#024探偵アリスの迷事件簿・2

ある日、街に立派な武道場が建った。

ユーザーメイドで見つけた道場の中で、一番軽かったものをもらってきて、シャワールームを付けるなど小改造。Japanese Dojo 的な名前だったが、どうみてもJapaneseじゃない気がする。

順調に武道のスキルを上げたアリスはこの頃、気合で板を割る修行も進み、瞑想まで出来るようになっていた。しかし昇段する度に部道着が追加で増える。着ないし重くなりそうだから、古いのは削除したほうがいいかな?

ヴィーチャが来たので試合を挑んでみた! 折角だから、中に入ってやればよかったね……。結果はアリスの勝利。住民の中でアリスだけダントツに武道スキルが高いので、今のところ敵なしの模様。
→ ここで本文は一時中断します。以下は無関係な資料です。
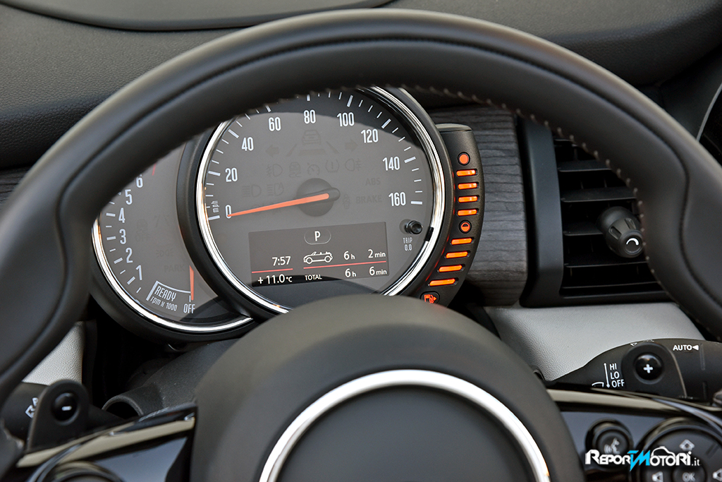 I Mini Driving Modes, di serie nella nuova Mini John Cooper Works Cabrio e disponibili come optional per tutti gli altri modelli, permettono di tarare la vettura secondo le preferenze personali, in modo da accentuare il comfort di guida, la sportività oppure l’efficienza della nuova Mini Cabrio.

ヴィーチャは気にせず部道着のままベースを弾き始めていた。しかもちゃっかりチップ用の小瓶を置いている。ジャスティン母のリェーナブリュンヒルト、そして新住民のダニエルなどが聴き入っていたが、スルーして帰宅。

家に戻ると、セイがフランツとチェスで対戦していた。毎日のようにランキングの高い相手を呼び出して試合をしているが、今のところ連勝しているらしい。
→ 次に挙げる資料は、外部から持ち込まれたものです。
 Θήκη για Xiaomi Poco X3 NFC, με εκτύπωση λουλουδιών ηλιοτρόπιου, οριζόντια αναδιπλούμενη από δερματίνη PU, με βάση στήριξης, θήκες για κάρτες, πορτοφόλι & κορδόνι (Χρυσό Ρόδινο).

アリス「フッ、今日こそ(夕食を作るのに)間に合ったわ! 私の勝利ね」

……いい笑顔☆

客人が座れるスペースがなかったので急遽カウンターを増設。椅子にめり込んでいるのは身長操作のせいかと思ったが、セイはほぼ平均身長に近いので、単に椅子がおかしいのかもしれない。いい椅子を見つけたら変えてみようかな。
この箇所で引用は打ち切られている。